Sebastian Kurz suggested in an interview with Die Presse newspaper published on Sunday that the bloc follow the "Australian example" to discourage migrants from setting out on the often perilous journey to Europe.
Under Australia's harsh and much-criticised immigration policy, asylum-seekers who try to reach Australia by boat are turned back or sent to Pacific camps in Nauru and Papua New Guinea where they are held indefinitely while their refugee applications are processed.
They are blocked from resettling in Australia even if found to be refugees.
"The Australian model of course cannot be completely replicated but its principles can be applied in Europe," the minister said, adding that he was skeptical about the impact of a recent agreement with Turkey aimed at reducing the number of migrants traveling to the continent.
A similar model was used in the United States in the first half of the 20th century, with new arrivals being held on Ellis Island as they travelled to New York, he said.
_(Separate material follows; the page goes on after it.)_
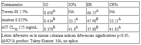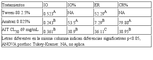 Con la IO y el E% se calculó la ER, así: ER=IOxE%. La ER de cada grupo de garrapatas tratado se comparó con la ER de los grupos control positivo y control negativo; luego se calculó el CR%, así:

Kurz added that the EU should adopt a resolution whereby those who try to enter Europe illegally lose their right to demand asylum.
Some 204,000 migrants and refugees have crossed the Mediterranean to Europe since January, the United Nations refugee agency said this week.
More than 2,500 people have died trying to make the journey this year -- the vast majority of them on crossings between Libya and Italy -- as Europe battles its worst migration crisis since World War II.
Many migrants saved from the sea are already directed to Greek islands or the Italian island of Lampedusa.
Austria, governed by a coalition of social-democrats and conservatives, welcomed some 90,000 asylum seekers last year, but since then Vienna has hardened its conditions of asylum and tried to close the migrant route from Greece to the north of Europe via the Balkans.
Last month a candidate from the far-right Freedom Party (FPÖ) narrowly lost the election for the largely ceremonial but coveted post of president.